Black HM 2482

Administrative data

Key value for chemical safety assessment

Genetic toxicity in vitro

Description of key information

- In vitro gene mutation study in bacteria (with and without metabolic activation): negative
- In vitro mammalian cells Chromosome aberration (with and without metabolic activation): negative
- In vitro gene mutation study in mammalian cells (with and without metabolic activation): negative

Endpoint conclusion

Endpoint conclusion:

no adverse effect observed (negative)

Genetic toxicity in vivo

Description of key information

In vivo mammalian cells Chromosome aberration: negative

Endpoint conclusion

Endpoint conclusion:

no adverse effect observed (negative)

Additional information

A Bacterial Reverse Mutation Test, performed with and without metabolic activation, is available on the test substance. Experiments were carried out using S. typhimurium strains TA 98, TA 100, TA 1535, TA 1537 and TA 1538.The test article was tested at the following concentrations: 1.58, 5, 15.8, 50, 158, 500, 1580 and 5000 micrograms per plate. Each concentration, including the controls, was tested in triplicate. No toxic effect of the test article was observed. Up to the highest investigated dose, no relevant incerase of the revertant colony numbers was obtained in any Salmonella typhimurium strain used when compared with the corresponding controls. The presence of liver microsomal activation did not influence these findings.

 

An in vitro mammalian cells Chromosome aberration on the test substance is available. The test item dissolved in culture medium, was assessed for its potential to induce structural chromosome aberrations in V79 cells of the Chinese hamster in vitro in the absence and the presence of metabolic activation by S9 mix. Two independent experiments were performed. ln experiment l, the exposure period was 4 hrs with and without metabolic activation. In experiment ll the exposure period was 4 hrs with S9 mix and 18 hrs and 28 hrs without S9 mix. In both experiments, in the absence and the presence of S9 mix, no biologically relevant increase in the number of cells carrying structural chromosome aberrations was observed. In both experiments, no biologically relevant increase in the rate of polyploid metaphases was found after treatment with the test item (1.1 - 3.6 %) as compared to the rates of the negative controls (1.5 - 3.2 %). In conclusion, it can be stated that under the experimental conditions the test item did not induce structural chromosome aberrations in V79 cells (Chinese hamster cell line) when tested up to clearly precipitating concentrations.

 

An in vitro gene mutation study in mammalian cells is available on the test substance. The test item was tested in a Mammalian Cell Gene Mutation Test (HPRT test) in CHO-K1 cells according to OECD Guideline 476, to determine whether the test item or its metabolites can induce forward mutation at the hypoxanthine-guanine phosphoribosyl transferase enzyme locus (hprt) in cultured Chinese hamster cells. The concentration levels for the performed Mutation Assay (with and without S9-mix) were 250, 500, 1000, 1500 and 2000 μg/mL. In conclusion, test item tested up to the maximum recommended concentration (2000 μg/mL) without and with metabolic activation system over a 5-hour treatment period did not induce statistically and biologically significant increases in mutant frequency compared to the solvent control.

 

An in vivo mammalian cells Chromosome aberration experiment was performed to assess the potential mutagenic activity induced by test substance through damage to the chromosomes of to the mitotic apparatus according to Schmid (1) with the modifications of Salomone et al. (2). The test groups received 5000 mg/kg bw as the maximurn tolerated dose of the test article. After single application of the test article at 5000 mg/kg bw by gavage, no significant test article-related increase of micronucleated polychromatic erythrocytes was observed in either male and female treated groups, when compared with corresponding negative control groups. In conclusion, it can be stated that under the extrerimental conditions reported, the test article induced no chromosome mutations by chromosome-breaking activity or by damage to the mitotic apparatus. Therefore, test article is not considered to be mutagenic in this in vivo mouse micronucleus assay.
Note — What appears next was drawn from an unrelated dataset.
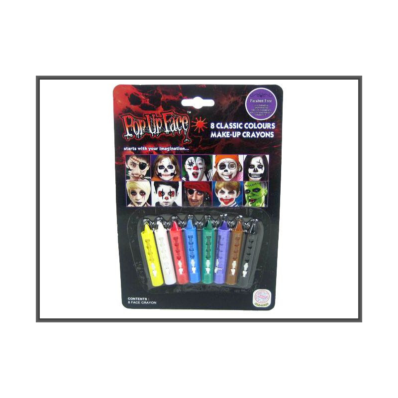 Kredki do malowania twarzy. W 8 kolorach: żółty, biały, niebieski, czerwony, fioletowy, zielony, brązowy, czarny. Wymiary opakowania: 23x16cm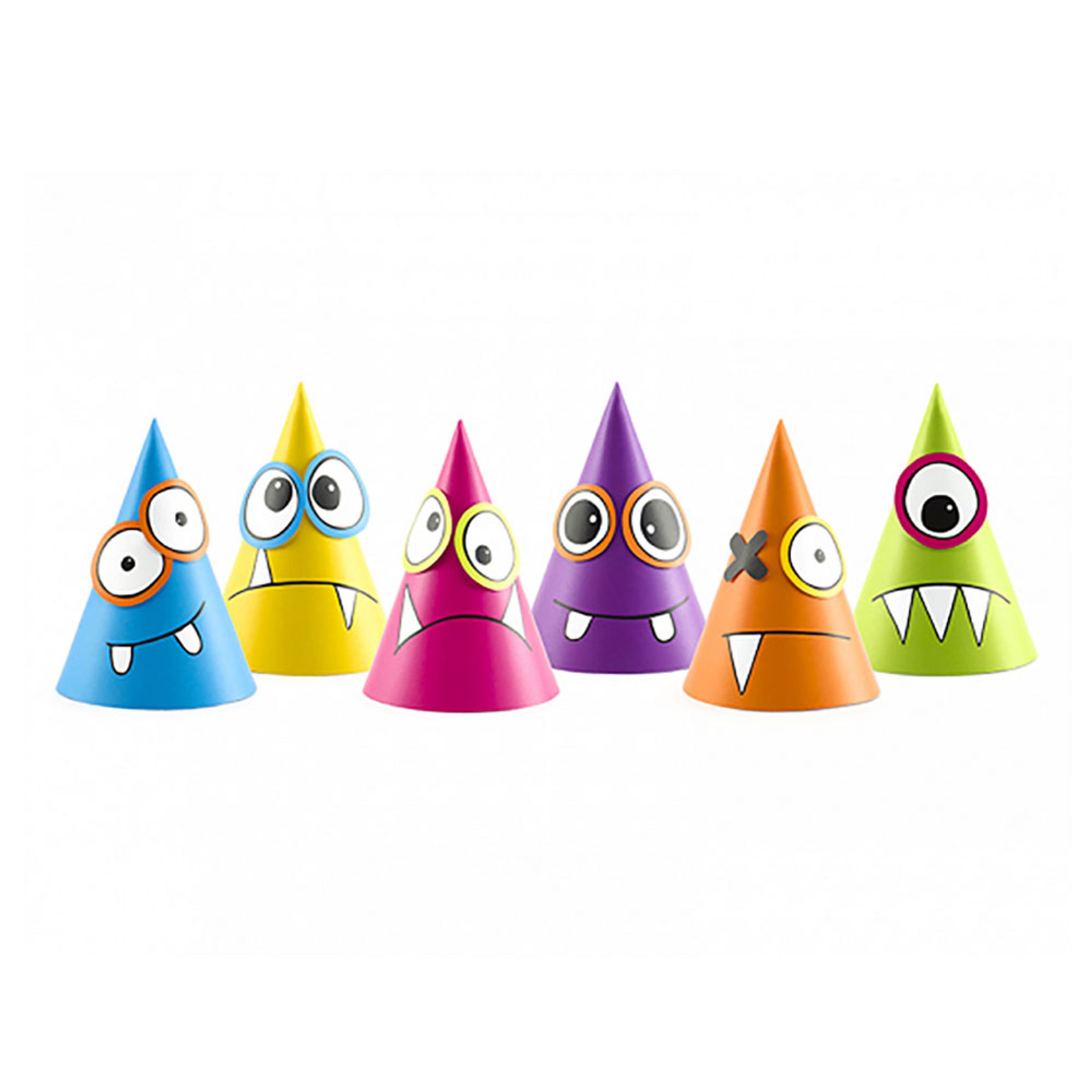 Partyhattar Monster består av sex stycken kalashattar i olika färger, med munnar och tänder, likt monster. Levereras med varierande ögon och dubbelhäftande klisterpuffar som gör att barnen kan skapa sina egna hattar – perfekt till barnkalaset!

Justification for classification or non-classification

According to the CLP Regulation (EC) No. 1272/2008, for the purpose of the classification for germ cell mutagenicity, substances are allocated in one of two following categories:
- substances known to induce heritable mutations or to be regarded as if they induce heritable mutations in the germ cells of humans or substances known to induce heritable mutations in the germ cells of humans or
- substances, which cause concern for humans owing to the possibility that they may induce heritable mutations in the germ cells of humans.

 

The test substance did not show any reason of concern in all in vitro and in vivo tests performed. Therefore, the substance is not classified for genetic toxicity according to the CLP Regulation (EC) No. 1272/2008.